キャラクターなりの美学があるから、アカリのことがずっと大好きです

――第1話から第4話まではいわば“アカリの回”という印象があるのですが、第4話までのストーリーを読まれてどのように感じられましたか?

花守:第1話から第4話までは、この世界がティアラの言う“元の世界”、つまりゲームの中の世界であるということを意識的に説明したり、彷彿とさせたりするシーンが随所に散りばめられています。

その中で、アカリはかつてメインヒロインだった存在としてそこに立っているわけですが、もしかしたら「正しさ」としてこの世界に存在しているのは、実はアカリのほうなんじゃないか、というちょっとした恐怖感のようなものを見ている方は受け取るんじゃないかな。ホラーというほどではないんですけど、そういう感覚があるような気がします。

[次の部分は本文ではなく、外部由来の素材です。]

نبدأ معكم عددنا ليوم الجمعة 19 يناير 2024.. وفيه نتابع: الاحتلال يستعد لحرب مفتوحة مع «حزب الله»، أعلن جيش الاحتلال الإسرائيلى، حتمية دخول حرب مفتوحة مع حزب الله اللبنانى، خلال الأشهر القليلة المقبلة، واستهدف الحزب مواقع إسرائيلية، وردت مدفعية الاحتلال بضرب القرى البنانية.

メインヒロインという存在があるけれど、今回のアニメの主人公、つまり作品の主人公は悪役令嬢として描かれているティアラです。じゃあ、その悪役令嬢はどうしたら幸せになれるのかという。悪役令嬢と言いつつも、ティアラはすごく真っすぐで、真面目に生きてきたことも描かれているんですよ。

一見、決められた運命があるように見えて、でも人生の積み重ね次第で、いくらでも未来を変えることができる。この世界は決して“ゲームの世界”じゃないんだということが、第4話までで描かれているんじゃないかなと思っています。

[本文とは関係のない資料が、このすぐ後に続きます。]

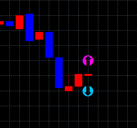 ↑変動中のローソク足の始値から上下に記号が表示されます。これは、特殊な方法でエントリーする時にHIGH/LOW(陽線か陰線か)を選択するために使用する記号になります。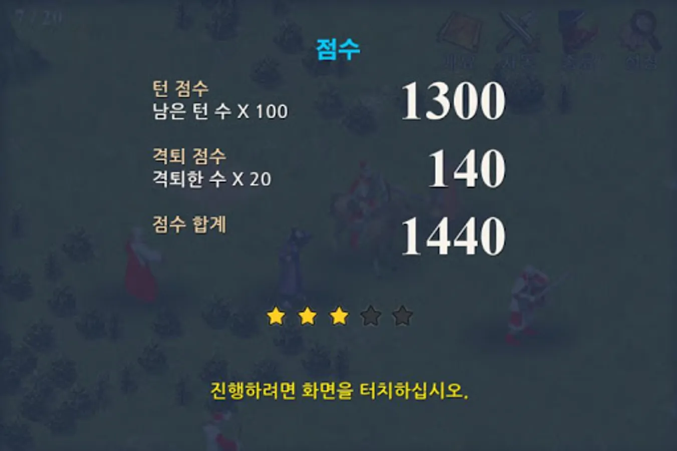 전투를 얼마나 잘 치렀는가에 따라 점수를 달리 얻게 되는데 보다 높은 점수를 얻기 위해서는 여러 가지 흥미롭고 전략적인 요소들을 고려하여 플레이해야 합니다.

それが単にゲームのシナリオをなぞるだけではなく、「ちゃんと自分たちの幸せを探していく物語なんだよ」と教えてくれる。その役割を第4話までのアカリが見せているところが、この作品の魅力のひとつなんじゃないかなって私は思っています。

――キャラクターだけを見ると「手強すぎる恋敵」とまではいかなくても、ちょっとツンとした要素を持っているのかなという印象があります。

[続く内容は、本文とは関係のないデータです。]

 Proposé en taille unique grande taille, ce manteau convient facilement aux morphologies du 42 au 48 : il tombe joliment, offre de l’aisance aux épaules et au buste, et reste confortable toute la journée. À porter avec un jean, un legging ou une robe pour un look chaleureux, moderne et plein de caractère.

花守:そうですね。設定だけを見ると、そう思ってしまいがちなんですけど、たとえば第4話でアカリがティアラに手紙を渡すシーンを見ていると、「この子、すごくいい子なんじゃないかな」と感じるんですよね。

私は「アカリには、アカリなりの美学がある」とずっと感じています。彼女は「この世界はゲームの世界だ」という前提で、これまでずっと行動してきたキャラクターなんです。だからこそ、ティアラという存在はアカリから見れば異分子であり、視聴者としても「なんでこのキャラ、こんな動きをするんだろう?」って思うような、特別であり特殊な存在。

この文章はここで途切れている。